Here, the default output of the pattern space at the end of each cycle is disabled with -n. Instead we explicitly output each line with p. If the given pattern matches, we halt processing with q.

Your actual, longer, command, which changes the name of chromosome 21 from just 21 to chr21 on the first line of a fasta file, and then proceeds to extract the DNA for that chromosome until it hits the next fasta header line, may be written as

sed -n -e '1 { s/^>21/>chr21/p; d; }' \
       -e '/^>/q' \
       -e p <in.fasta >out.fasta

or

sed -n '1 { s/^>21/>chr21/p; d; }; /^>/q; p' <in.fasta >out.fasta

The issue with your original expression is that the d starts a new cycle (i.e., it forces the next line to be read into the pattern space and there's a jump to the start of the script). This means q would never be executed.

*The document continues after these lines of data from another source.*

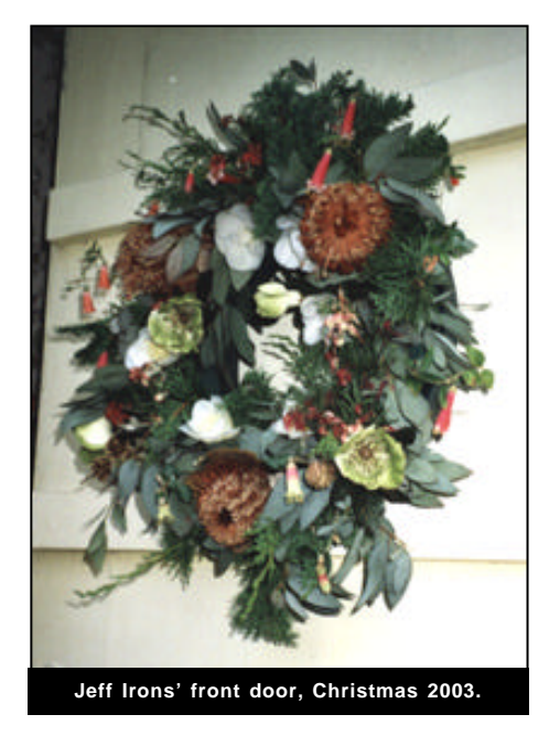
Grevillea lanigera x rosmarinifolia Correa pulchella Correa pulchella York Peninsula form Correa pulchella Marge's Marvel Banksia ssp Eucalyptus leaves

Grevillea alpina, A. Goldfields, Olympic Flame, aquifolium, arenaria, arenaria ssp. canescens, aspleniifolia, Robyn Gordon, Austraflora Copper Crest, australis var. brevifolia, banksii, banksii var. forsteri, Canberra Hybrid, banyabba, barklyana, baueri, beadleana, bedggoodiana, bipinnatifida, Bonnie prince Charlie, Bronze Rambler, Canberra Gem, Clearview david, confertifolia, Copper Crest, Cranbrook Yellow, crithmifolia, confertiloba, difusa ssp. evansiana, drummondii ssp. pimeleoides, endlicheriana, Evelyn's Coronet, Fanfare, fulgens x gaudichaudii, Honey Eater Heaven, Honey Gem, involucrata, johnsonii, juniperina ssp. amphitricha, f. sulphurea, Molonglo, lanigera, lanigera Lutea, Mount Tamboritha, lanigera prostrate, laspicalla (I have told the plantfinder that this is probably a mis-spelling of iaspicula), levis, longistyla, Majestic, mason's Hybrid, monticola, Moonlight, nudiflora, obtusifolia Gingin Gem, olivacea Apricot Glow, Orange Marmalade, paniculata, Pink Lady, Pink Surprise, Poorinda Elegance, Poorinda Peter, quercifolia, repens, rhyolitica, robusta, Robyn Gordon, (?Poorinda) Rondeau, rosmarinifolia, ros. Desert Flame, ros. Jenkinsii, Sandra Gordon, ScarletSprite, x semperflorens, sericea, shiresii, Sid Reynolds, Spider Man, Splendour, thelemanniana thel. Spriggs Form, thyrsoides, tridentifera(???), Grevillea victoriae, williamsonii.
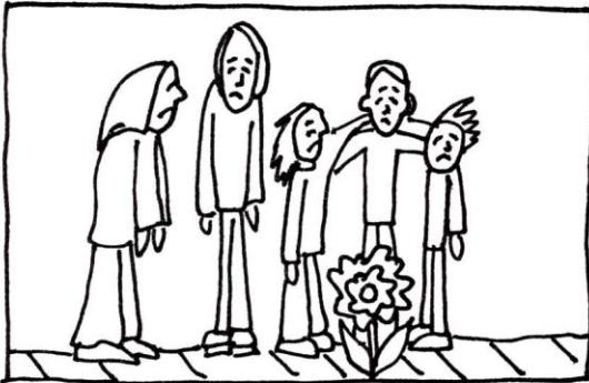
A beautiful flower growing in a grey, dismal setting.

FOCUS-MAIN IDEA-WHAT "GRABS" MY ATTENTION?
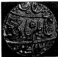
New daroga mark Fig. 6

Finally, coin 4 is yet another Banaras rupee, AH 1200, RY 17/27, that fills a gap in Pridmore's listing of the dārogā marks on the coins of this series. Specifically, for AH 1200, RY 17/27, Pridmore has a question mark in the column of illustrations of the dārogā marks. Perhaps he did not have access to a coin which was clear enough for the marks to be seen clearly. Coin 4 here shows the dārogā marks clearly, and, in particular, indicates the appearance of a new mark (see fig. 6) in place of the leaf sprig. The new mark consisted of a central pellet, surrounded by four curved pellets. Pridmore's table (and my own observation) shows that the leaf sprig reappeared in RY 28, so the 5-pellet mark was another short-lived one, like the circle mark of RY 23.

Note that to be syntactically correct on non-GNU systems, your original script should look like /PATTERN/ { d; q; }. Note the added ; after q (the spaces are not significant).

Answer 2

d does not just delete the pattern space: from the POSIX specification

[2addr]d

Delete the pattern space and start the next cycle.

(my emphasis)

The q command is unreachable.

Answer 3

You can get the same output (only those lines before the first match) by using the two-address form:

sed -e '/PATTERN/,$d'

But unlike methods using q, this means sed continues reading every input line. This can make a difference on large input files, or when reading from a pipe.